HangfireIO / Hangfire

An easy way to perform background job processing in .NET and .NET Core applications. No Windows Service or separate process required
https://www.hangfire.io
Other
9.44k stars 1.71k forks source link

Job creation resiliency #1434

Open barclayadam opened 5 years ago

barclayadam commented 5 years ago

If the database server is under load, the connection fails or any other number of reasons the connections fail the job will not be queued and and exception thrown.

Would it be sensible for Hangfire itself to be more resilient to these failures? Either providing built-in retry support as a minimum (something configured once for a client, instead of application code making sure it provides the retry mechanism everywhere), or perhaps more interesting a store and forward mechanism.

Issue https://github.com/HangfireIO/Hangfire/issues/820 mentions handling the BackgroundJobClientException manually, but this feels like a core concern given distributed-by-nature functionality of Hangfire. Perhaps pluggable, perhaps dependent on individual transports (i.e. SQL vs Redis)?

odinserj commented 5 years ago

Timeout is the most interesting failure that happens often in cloud environments, and when it happens it quite hard to understand whether background job was created or not – in the former case we must not create yet another background job.

I didn't implement this feature before as a part of IBackgroundJobFactory implementation directly, because was thinking it requires an idempotence key to be added first, to not to create background job twice, because in case of timeout we don't even have a background job identifier.

But since background job is created in a two-step process, and no one is able to see background job is created before the second step is successfully completed, we can implement this behavior transparently in the following way, depending on where fault is happened.

However it's possible that transaction.Commit call is failed, but some side effects were committed. And theoretically there may be problems with skipped job continuations.

barclayadam commented 5 years ago

Thank for your response, certainly seems like a simple retry mechanism would be relatively straightforward to introduce an amount of resiliency. It could handle the occasional blip in connectivity which is pretty common in a cloud environment.
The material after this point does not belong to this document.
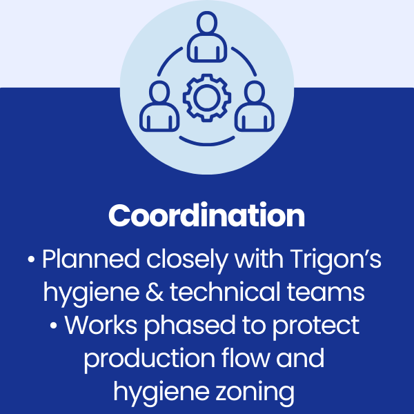 Trigon Snacks required a specialist commercial food factory cleaning contractor to support ongoing BRC and AIB audit readiness and continuous hygiene improvement at their Aintree manufacturing facility.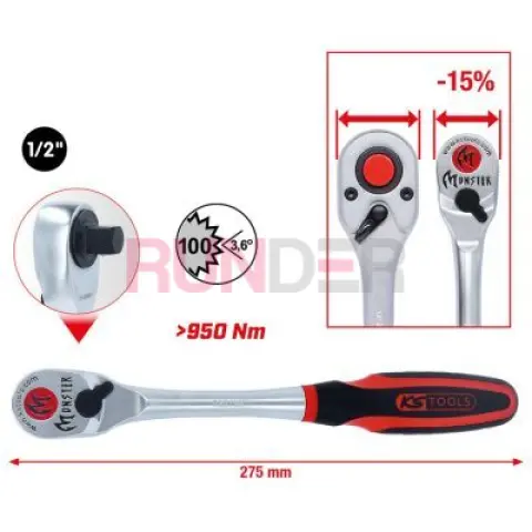 Zeptejte se nás ohledně produktu: Ks Tools - Monster ráčna s přepínací páčkou 100 zubů 1/2" 275mm

If this gets implemented should it be considered how something like store-and-forward could be integrated, whether it's built-in or a 3rd party extension?

Although an in-memory retry should alleviate many issues, what if Hangfire dependencies are completely down for a period of time? For example, we have a dedicated database for our Hangfire instance. Our site could completely work without the background process if we were able to temporarily store the tasks to be pushed to Hangfire and retried later.